Still, if as the plaintiffs claim the university systematically treats black hazing more unforgivingly than white hazing, then, even if the result is to give black pledges more protection than white ones, the differential treatment would be actionable because it would be discrimination against black hazers on account of their race; discriminating against a person on the basis of his race is not offset by discriminating in favor of other persons of the same race. Cf. United Automobile Workers v. Johnson Controls, Inc., 499 U.S. 187, 197-200, 111 S.Ct. 1196, 113 L.Ed.2d 158 (1991); Norman-Bloodsaw v. Lawrence Berkeley Laboratory, 135 F.3d 1260, 1272-73 (9th Cir.1998); Larkin v. Michigan Department of Social Services, 89 F.3d 285, 289-91 (6th Cir.1996). Even if black sororities or fraternities were found to treat their pledges worse than white ones do, see Peter Applebome, “Lawsuit Shatters Code of Silence Over Hazing at Black Fraternities,” New York Times (Dec. 21, 1994), http://query.nytimes.com/gst /full-page .html?res=9801EFDB1038 F932A15751C1A962958260, visited June 3, 2008; State v. Brown, 90 Ohio App.3d 674, 630 N.E.2d 397, 399-400 (Ohio App.1993), this would not justify a rule that black hazers are to be punished more severely than white ones. (By “black” sorority we mean one the membership of which is primarily or even exclusively black. See, e.g., EEOC v. Target Corp., 460 F.3d 946, 951-52 (7th Cir.2006); Lloyd v. Alpha Phi Alpha Fraternity, Nos. 96-CV-348, 97-CV-565, 1999 WL 47153, at *11 (N.D.N.Y. Jan.26, 1999); Walter M. Kimbrough, Black Greek 101: The Culture, Customs, and Challenges of Black Fraternities (2004).
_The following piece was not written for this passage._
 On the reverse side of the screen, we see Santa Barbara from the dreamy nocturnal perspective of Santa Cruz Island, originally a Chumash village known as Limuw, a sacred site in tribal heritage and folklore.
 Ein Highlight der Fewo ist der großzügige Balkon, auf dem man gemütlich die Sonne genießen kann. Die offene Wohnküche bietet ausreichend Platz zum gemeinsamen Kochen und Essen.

Zeta Phi Beta was said in Boy Scouts of America v. Till, 136 F.Supp.2d 1295, 1304 (S.D.Fla.2001), to limit its membership to blacks, but “Whites in Black Sororities and Fraternities,” Ebony (Dec. 1, 2000), www.encyclopedia.com/doc/lGl67531419.html, visited June 2, 2008, states the contrary.) A system of race-neutral punishments graded by the severity of the offense would automatically punish the worst violators more heavily than other violators.
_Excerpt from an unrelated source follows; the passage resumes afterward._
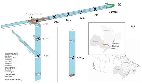 The Forsyth mine (MF) is an old iron mine located in the Gatineau Park in Quebec (Figure 1) part of the National Capital Commission (NCC). It was discovered in 1801 and mining activities started in 1855 until 1918, when all operations ceased. For this study, samples were collected manually in August and September 2019 by the PTO Exploration team, specialized in technical diving in extreme conditions. Nine sampling depths (0, 6, 12, 18, 24, 27, 61, 91, and 183 m) were selected to cover the mine excavated tunnels and shafts (Figure 1). From depths 0 to 24 m, water samples were taken in two 1 L polyethylene bottles, previously sterilized (Nalgene®, Rochester, NY, USA) for microbial identification and in three 50 mL syringes for physicochemical analysis. Biofilm samples were taken in three 50 mL separate syringes from wood, rock, and metal substrates from 0 to 24 m deep and at 27, 61, 91, and 183 m deep in the shaft. Sampling at 183 m was done during one individual dive. This constitutes the deepest known sample collected by a diver in a cold water mine. The diver involved in this feat reports that water became extremely clear—compared to the very turbid water in the tunnel and upper levels in the shaft—after 91 m [24]. All samples were stored at 4 °C in the dark during transport. For water samples, filtration for microbial analyses was carried out using a 0.2 μm polyethersulfone filter (Sartorius®, Midisart, Germany) on the same day as sampling. Filters and biofilms were stored at −80 °C until further processing.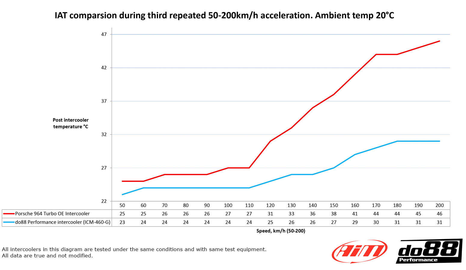- Post intercooler air temperature at same conditions: 31°C (46°C), do88 15°C lower!

The plaintiffs point to two instances of lenient treatment of white hazers. In one, a fraternity pledge who had tied another pledge to a tree received a one-year suspension later reduced to a year’s probation. In the other and more serious incident a pledge drowned accidentally during a fraternity-sponsored camping trip. He had been drinking. The fraternity was found to have violated the university’s drinking and safety rules, and was permanently banned from the university. There was no evidence of hazing on the camping trip, and no members of the fraternity were punished.
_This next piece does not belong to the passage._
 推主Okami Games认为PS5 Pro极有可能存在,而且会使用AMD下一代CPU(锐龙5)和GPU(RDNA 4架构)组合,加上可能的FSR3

The plaintiffs argue that disciplining blacks more harshly than whites for offenses of similar gravity is evidence of racial discrimination, and that is true, as many cases hold. E.g., Crawford v. Indiana Harbor Belt R.R., 461 F.3d 844 (7th Cir.2006); Rodgers v. U.S. Bank, N.A., 417 F.3d 845, 853-54 (8th Cir.2005); Maynard v. Board of Regents, 342 F.3d 1281, 1289 (11th Cir.2003). But all the cases we have found are employment cases. Usually the employer has a number of employees and a set schedule of punishments, culminating in dismissal, and often the types of conduct that violate the employer’s rules fall into a few well-defined classes of misconduct, such as absenteeism, harassing or endangering other workers, disobeying orders, failing to meet minimum performance standards, drug taking, or stealing. So if in some class of rule violators blacks are punished on average more severely than whites, especially if the same supervisor made the disciplinary decisions, that is evidence of racial discrimination, though the employer may be able to rebut it by showing that the blacks were punished more severely for proper reasons. E.g., Flores v. Preferred Technical Group, 182 F.3d 512, 515-17 (7th Cir.1999); Bush v. Commonwealth Edison Co., 990 F.2d 928, 930-32 (7th Cir.1993); Silvera v. Orange County School Board, 244 F.3d 1253, 1258-60 (11th Cir.2001). The problems when hazing or other activity that endangers fraternity or sorority pledges gives rise to a claim of racial discrimination are, first, that the activity takes heterogeneous forms, and, second (but partly related to the first point), that there is no uniform schedule of punishments. Is hazing, a form of deliberate misconduct, less censurable than carelessness with regard to alcohol and risk management? And is banning an entire fraternity from campus forever a milder punishment than suspending three members of a sorority for two or three years? More individuals are “punished” in the first case, but less severely, so the net balance is unclear. (We do assume, however, that punishments by sororities and fraternities could be compared, at least if the misconduct punished were similar and the two Greek societies were in the same university.)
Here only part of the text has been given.